John Barry, COO
For any pharmaceutical or biotechnology company with a viable asset, time is of the essence and moving that asset through FDA approval and to the market as quickly as possible is a key priority. On the contrary, for many CRO and other service provider business models, the value is driven by the duration and volume of the work performed. We are left with an asynchrony in value propositions; time creates value for a CRO while eroding value for their customer. One CRO, Pharm-Olam, is leveraging its years of experience to bring synchrony into their customers’ value propositions. They do this through execution strategies and contract models that serve to align the value creation of both companies. “We are connecting the accrual of value for our customers with how we accrue value for our company,” explains John Barry, COO at Pharm-Olam. “Where we have responsibility, these contract structures create enforceable consequences for when we create (i.e., reduce time) or erode (i.e., increase time) the value for our customer.”
While doing this, Pharm-Olam is addressing another significant challenge for the industry in the lack of synchronization between the various providers working on a clinical trial. It’s an entire delivery ecosystem that can include a central lab, specialty lab, ePRO provider, imaging provider, and so on. Pharm-Olam discriminates the difference between its responsibility, or what they are contracted to perform and its accountability which is the delivery of a successful project to its customer. “Responsibility may be defined and bound by our contract, but our accountability spans the entire delivery ecosystem; our customer is only successful if the entire ecosystem delivers,” says Barry. “We link arms with our other ecosystem partners to make sure that we stay in sync with them and vice versa.”

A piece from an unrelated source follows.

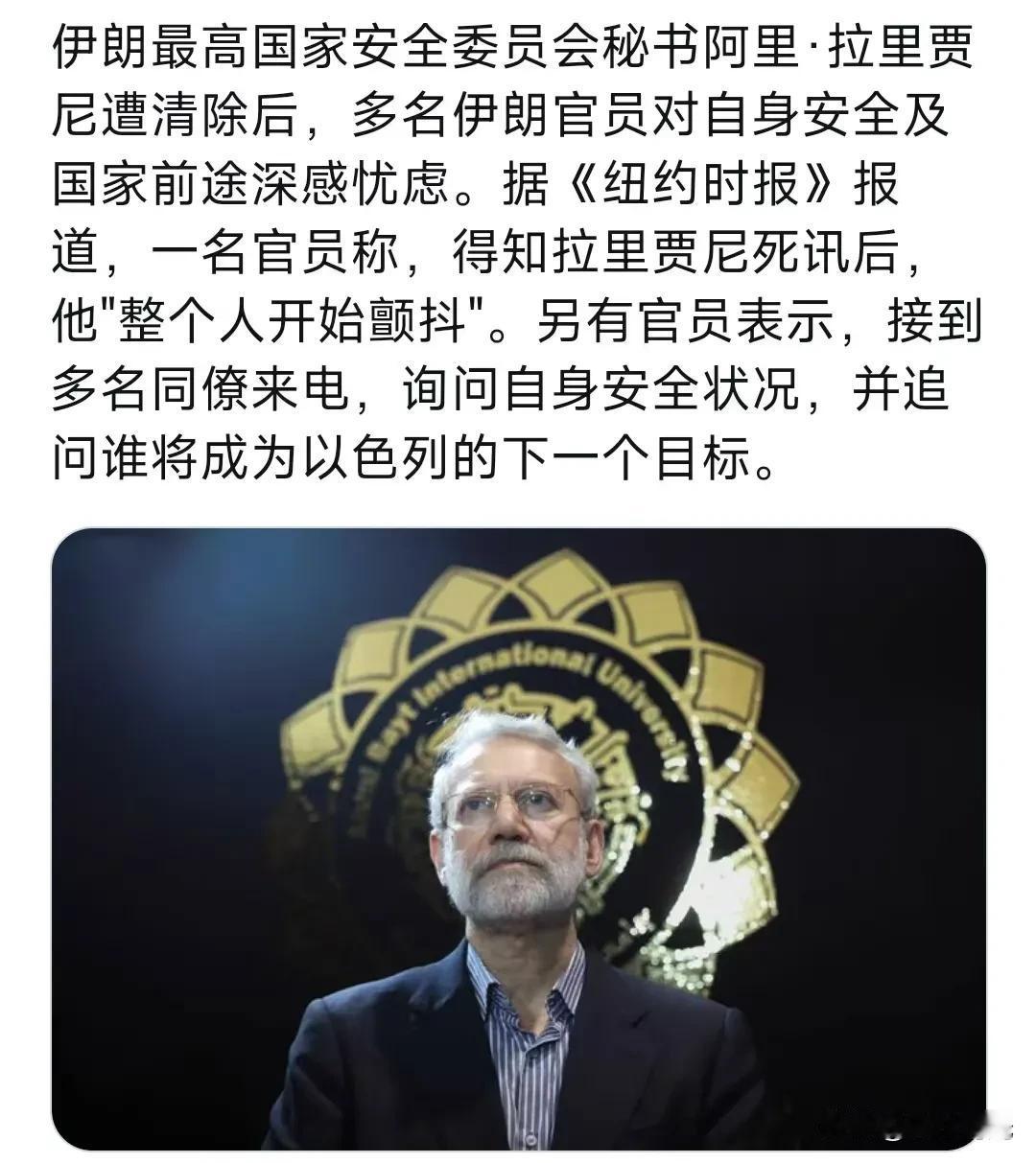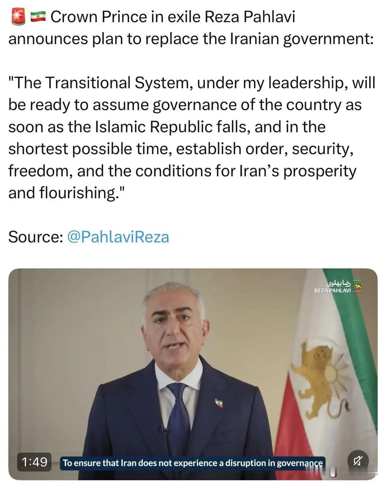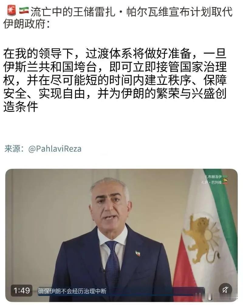 伊朗最高国家安全委员会秘书阿里·拉里贾尼遭清除后,多名伊朗官员对自身安全及国家前途深感忧虑。据《纽约时报》报道,一名官员称,得知拉里贾尼死讯后.他"整个人开始颤抖"。另有官员表示,接到多名同僚来电,询问自身安全状况,并追问谁将成为以色列的下一个目标。 流亡中的王储雷扎·帕尔瓦维宣布计划取代伊朗政府:在我的领导下,过渡体系将做好准备,一旦伊斯兰共和国垮台,即可立即接管国家治理权,并在尽可能短的时间内建立秩序、保障安全、实现自由,并为伊朗的繁荣与兴盛创造条件。

Responsibility may be defined and bound by our contract, but our accountability spans the entire delivery ecosystem; our customer is only successful if the entire ecosystem delivers.
As the data volume in clinical trials continues to grow, CROs must stay updated, relevant, and leverage technology to help inform their decisions as well as their customers’. For this reason, Pharm-Olam maintains a strategic relationship with Medidata, a leading technology solutions provider. A key tenant of this partnership was Medidata’s willingness to embrace a similar accountability to the ecosystem working on customer projects. “For us, the Medidata technology platform provides the ‘fabric’ of this ecosystem, connecting each of the delivery partners together in a unified platform. It is a work in progess but we are excited about the early success we have already seen,” comments Barry.
Over its 25 years, Pharm-Olam has built significant capability in areas such as oncology, infectious disease, and rare and orphan indications. “These are red ocean areas where most CROs are present so we are also considering some blue open strategies we have identified.” These include the nonprofit and government space work in established and emerging geographies like middle and north Africa. Led by CEO, David Grange, a retired two-star general with a long history in Special Operations, Pharm-Olam has built networks that enable rapid deployment into these emerging areas and diseases.
Despite their success, Barry acknowledges that more work needs to be done, particularly in bringing clinical trials to the patients that need them. “In most cases, the patients and trials are out there but they rarely intersect,” explains Barry. “In the therapy areas we cover, the most promising treatments are likely still in clinical development and it is our job to bring these treatments to our patients.” The only way to do that before FDA approval is through clinical trials, in part because regulation changes have not kept pace with technology advances. “It still takes too long to bring a promising new treatement to the market. As an industry, this is a problem we must continue to try and solve,” concludes Barry.